The impeachment process against Sri Lankan Chief Justice Shirani Bandaranayake must follow international standards of due process says the International Commission of Jurists.
“Many people in Sri Lanka have called the impeachment proceedings against Chief Justice Bandaranayake a politically motivated attack on the independence of the judiciary,” said Sam Zarifi, Asia Director of the (ICJ). “If the government wants to dispel any such notion, it must adhere to international standards of due process in the impeachment proceedings.”
The proceedings come in the wake of the Supreme Court ruling on a controversial bill, the Divi Neguma bill, before Parliament.
The bill seeks to establish a centralized development authority by amalgamating three provincial development agencies. If the bill passes, the Minister of Economic Development (who is also the President’s brother Basil Rajapakse) would have control over a fund of 80 billion Sri Lankan rupees (611 million USD).
In early September, the Chief Justice, leading a bench of three Supreme Court Justices, issued a ruling, directing Parliament to obtain the consent of each of the elected Provincial Councils before passing the bill.
Following the ruling, all of the provincial councils, except the Northern province, endorsed the Divi Neguma bill. The Tamil-majority Northern Province, until recently the stronghold of the insurgent armed Liberation Tigers of Tamil Eelam, has still not held elections for the Provincial Council.
However, the appointed Governor of the Northern Province endorsed the bill on the basis that no provincial council had been elected or established in the Northern province.
The Tamil National Alliance (a political alliance of minority Sri Lankan Tamils) filed a petition before the Supreme Court challenging the authority of the Northern Province Governor to approve the Divi Neguma Bill in the absence of an elected provincial council.
On 1 November 2012, the Chief Justice handed the decision on the Divi Neguma bill to the Speaker of the House. On the same day, the Government coalition, the United People’s Freedom Alliance presented a motion to initiate impeachment proceedings in Parliament.
The Speaker of Parliament then postponed the tabling of the impeachment motion until the announcement of the decision on the Divi Neguma bill.
“The timing of the impeachment motion, just as the Supreme Court had challenged the government, certainly has raised some eyebrows,” said Zarifi. “And all this comes against the backdrop of increasing tensions between the between the judiciary and the Government, which have escalated to the point of physical violence in the past few months,” Zarifi said.

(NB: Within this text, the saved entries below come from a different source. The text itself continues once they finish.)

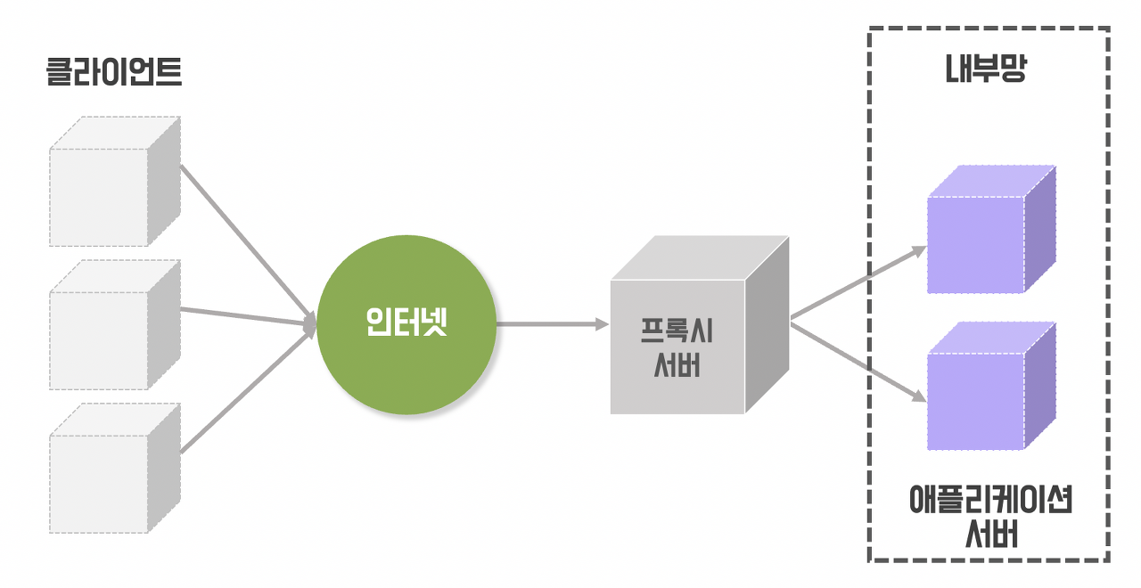 이 경우, 클라이언트는 애플리케이션 서버를 직접 호출하는 것이 아니라 프록시 서버를 통해 호출하기 때문에 리버스 프록시는 애플리케이션 서버를 감추는 역할을 하게 된다.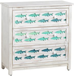 Swim your own way with this Crestview Collection 3-drawer White Wash Chest with Gradient Blue Swimming Fish. This perfectly-sized chest is meant to be seen and enjoyed for its energy, even when your bedroom or living space are quiet.Read More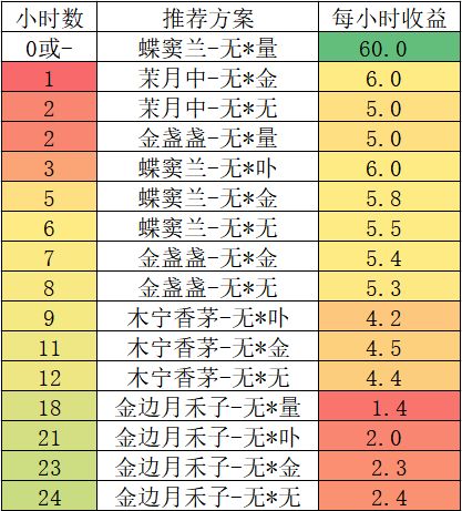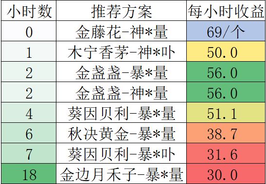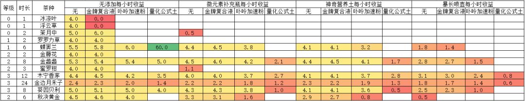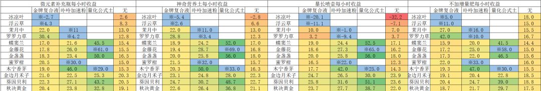 每小时收益总表(带※蓝底数据为可即成作物,单位为橡子/个)

In July 2012, Government Minister Rishad Bathiudeen threatened a Magistrate in Mannar and then allegedly orchestrated a mob to pelt stones and set fire to part of the Mannar courhouse.
In early October, the secretary of the Judicial Service Commission, Manjula Tillekaratne was assaulted by four unidentified persons in broad daylight.
The ICJ issued a report earlier this month, Sri Lanka’s Crisis of Impunity, documenting the recent attacks on judicial officers and judges, explaining how the systemic erosion of accountability has led to a crisis of impunity in Sri Lanka.
The impeachment motion against Chief Justice Bandaranayake sets out 14 charges. Allegations include failing to follow Constitutional provisions by handing a Court decision to the Secretary of Parliament instead of the Speaker of Parliament; not declaring all of her bank accounts to the auditor general; and misusing her position.
Opposition leaders have called on the Speaker of Parliament to allow observers from the International Commission of Jurists and other international organizations to attend the proceedings.
”The fact that members of parliament believe it is necessary to have international observers indicates the strong perception that this impeachment motion is politically motivated,” Zarifi added. Under the UN Basic Principles on the independence of the judiciary, a judge should only be removed for incapacity or serious misconduct.
In the region, impeachment is an exceptional measure reserved only for gross misconduct. Only India and Nepal allow for the impeachment of the Chief Justice and neither country has ever initiated proceedings.
In the two instances where a provincial high court judge was removed in India, allegations involved criminal acts or egregious acts of corruption.
Where a judge is at risk of being removed, he or she must be accorded the right to be fully informed of the charges; the right to be represented at the hearing; the right to make a full defense; and the right to be judged by an independence and impartial tribunal. The removal proceedings must meet international standards on fair trial and due process.
In India, an impeachment hearing is presided over by a three-member committee comprised of a Supreme Court justice, a Chief Justice of any High Court and an eminent jurist.
In Sri Lanka, a seven-member Select Committee, comprising only Parliamentarians, presides over the impeachment hearing. The Judicial Service Commission does not play a role in the impeachment process and there is no appeal to a judicial body.
At least twice, the Sri Lankan government has attempted to impeach its Chief Justice. In 1978, the Government attempted to impeach Chief Justice Samarakoon. The Chief Justice, however, retired before the Committee report could clear him of the charges after some two years of hearings.
In 2001, the Government initiated impeachment proceedings against Chief Justice Sarath Silva. However, before a Committee could be constituted President Kumaratunga dissolved Parliament.